A xenophobic president could mean tougher stances, says Heather Segal of Segal Immigration Law. “If you get an executive branch or House that’s very anti-immigration, the translation of that to U.S. Citizenship and Immigration Services and the Department of Homeland Security is […] ‘It’s OK if adjudications are more difficult […] If we give you a hard time, us as officers are doing our job.’”

She adds the State Department, which issues visas, could also follow suit. “There could be a chilling effect across the board,” she says. “That would have serious ramifications. And they wouldn’t have to change any laws or go back on any agreements.”

Any clients who are concerned about a Trump win could apply for visas or permits before the election, she says.

Read: How to apply for TN status to work in the U.S.

Trump proposal: Penalize visa overstays

Trump proposes to crack down on people who overstay visas.

Henry Chang, a cross-border immigration lawyer at Blaney McMurtry, explains that a visa is an entry document, like a driver’s licence, while the period for which a person is legally admitted is called status. “The visa could expire while I’m still in legal status in the U.S., and that doesn’t matter as long as I’m not leaving and coming in again.”

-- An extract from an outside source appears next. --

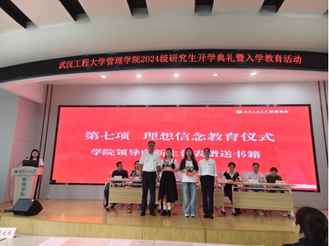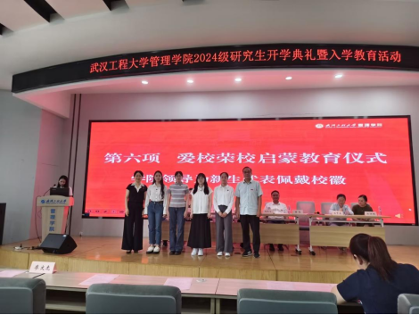 爱校荣校启蒙教育和理想信念教育环节,学院领导班子为新生代表佩戴校徽,赠送书籍。
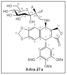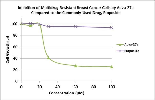 Adva-27a is a GEM-difluorinated C-glycoside derivative of Podophyllotoxin (see Figure 1). Another derivative of Podophyllotoxin called Etoposide is currently on the market and is used to treat various types of cancer including leukemia, lymphoma, testicular cancer, lung cancer, brain cancer, prostate cancer, bladder cancer, colon cancer, ovarian cancer, liver cancer and several other forms of cancer. Etoposide is one of the most widely used anticancer drugs. Adva-27a and Etoposide are similar in that they both attack the same target in cancer cells, namely the DNA unwinding enzyme, Topoisomerase II. Unlike Etoposide however, Adva-27a is able to penetrate and destroy Multidrug Resistant Cancer cells. Adva-27a is the only compound known today that is capable of destroying Multidrug Resistant Cancer. In addition, Adva-27a has been shown to have distinct and more desirable biological and pharmacological properties compared to Etoposide. In side-by-side studies using Multidrug Resistant Breast Cancer cells and Etoposide as a reference, Adva-27a showed markedly greater cell killing activity (see Figure 2).

Trump uses wrong or vague immigration terminology, leaving observers to guess what he’s promising. “He could mean people who need visas who overstay their status, but I think he also means a Canadian who doesn’t need a visa to come in as a tourist […] and overstays,” Chang says. “I think his position is to keep [all] foreigners out.”

It’s easy to inadvertently become illegal. Snowbirds, like any Canadian tourist, can stay for six months from date of entry unless told otherwise. If they stay for longer, even by a day, they become illegal aliens. (The six months must occur consecutively. Someone who makes two five-month trips would not be overstaying.)

“If you’re a law-abiding Canadian who never mistakenly violates immigration law, you’ll be fine,” says Chang. “But the reality is, people will make mistakes.”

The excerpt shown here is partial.